= Problem requirements =
All of the data below should be printed again exactly, pictures excluded.

= Data provided =
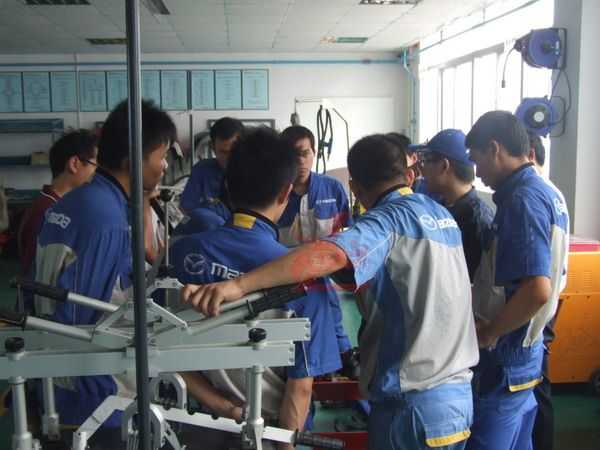 全國一汽馬自達各服務(wù)店都配備具有國際領(lǐng)先的鈑金維修工具設(shè)備,為了最大限度地利用這些高效率的工具設(shè)備,提升鈑金作業(yè)人員的技能及素養(yǎng),并為馬自達系統(tǒng)的售后服務(wù)體系打造一支鈑金維修技術(shù)過硬的隊伍。經(jīng)過一汽馬自達集團服務(wù)部統(tǒng)籌與組織,來自全國各地一汽馬自達服務(wù)店D0910班的第十期培訓(xùn)學(xué)員,于2009年10月14日到珠海接受鈑金技術(shù)提升培訓(xùn)。
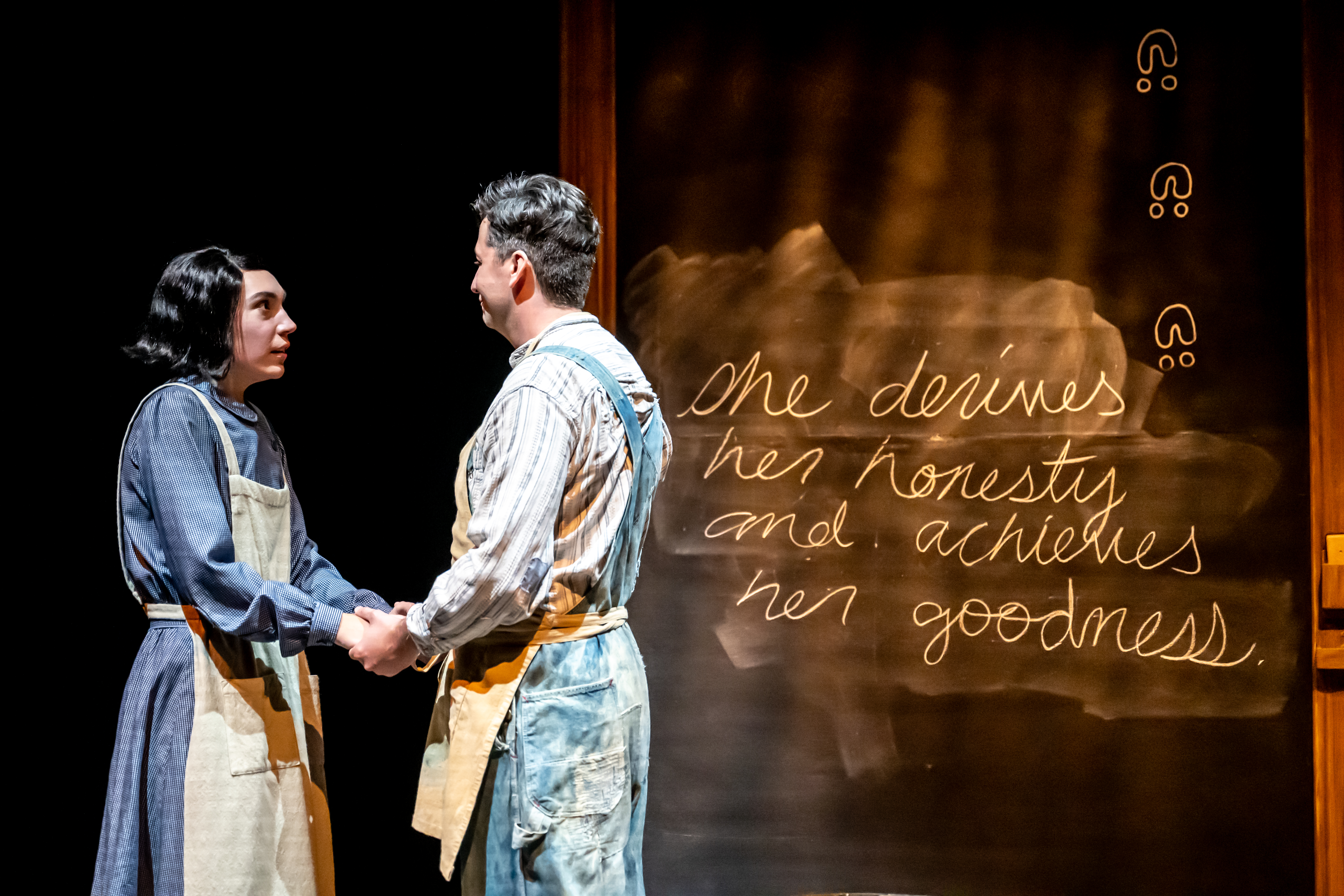 However, the cultural erasure of Indigenous peoples which was perpetuated in these schools becomes the visual focal point of 1939. Three giant blackboards make up the background of Joanna Yu’s set design. Used by student and teacher alike, they become physical representation of the cultural erasure the students face. The nuance and meaning put into each drawing and eventual expunging is fascinating to witness. For example, the students rarely wipe each other’s work off the chalkboards, unless it’s a Shakespearean quote. Those Shakespearean quotes are also exclusively written by Beth, showing her passion for the Bard as well as learning. Joseph shows his concern for the loss of his language by only writing down Anishinaabemowin words, while Evelyne shows her family’s history in medicine by drawing different herbs and plants. Jean writes to his mother, an sign of their deep connection. Yet time after time these words and pictures are wiped away, more frequently by Father Williams than Miss Ap Dafydd.
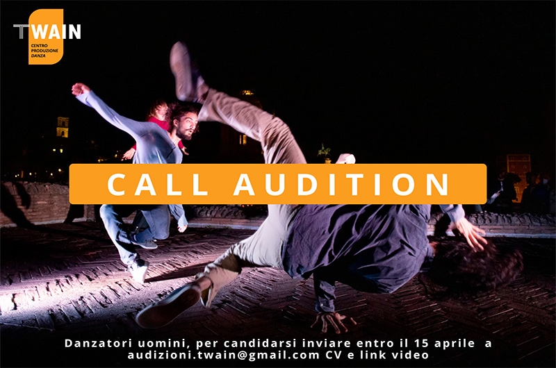 Twain Centro di Produzione Danza cerca nuovi interpreti uomini per inserimento in compagnia (produzioni in repertorio e nuove produzioni con retribuzione da CCNL), primo periodo di lavoro settembre/ottobre 2025 con calendario successivo in via di definizione.

= Exercise result =
 全國一汽馬自達各服務(wù)店都配備具有國際領(lǐng)先的鈑金維修工具設(shè)備,為了最大限度地利用這些高效率的工具設(shè)備,提升鈑金作業(yè)人員的技能及素養(yǎng),并為馬自達系統(tǒng)的售后服務(wù)體系打造一支鈑金維修技術(shù)過硬的隊伍。經(jīng)過一汽馬自達集團服務(wù)部統(tǒng)籌與組織,來自全國各地一汽馬自達服務(wù)店D0910班的第十期培訓(xùn)學(xué)員,于2009年10月14日到珠海接受鈑金技術(shù)提升培訓(xùn)。
 However, the cultural erasure of Indigenous peoples which was perpetuated in these schools becomes the visual focal point of 1939. Three giant blackboards make up the background of Joanna Yu’s set design. Used by student and teacher alike, they become physical representation of the cultural erasure the students face. The nuance and meaning put into each drawing and eventual expunging is fascinating to witness. For example, the students rarely wipe each other’s work off the chalkboards, unless it’s a Shakespearean quote. Those Shakespearean quotes are also exclusively written by Beth, showing her passion for the Bard as well as learning. Joseph shows his concern for the loss of his language by only writing down Anishinaabemowin words, while Evelyne shows her family’s history in medicine by drawing different herbs and plants. Jean writes to his mother, an sign of their deep connection. Yet time after time these words and pictures are wiped away, more frequently by Father Williams than Miss Ap Dafydd.
 Twain Centro di Produzione Danza cerca nuovi interpreti uomini per inserimento in compagnia (produzioni in repertorio e nuove produzioni con retribuzione da CCNL), primo periodo di lavoro settembre/ottobre 2025 con calendario successivo in via di definizione.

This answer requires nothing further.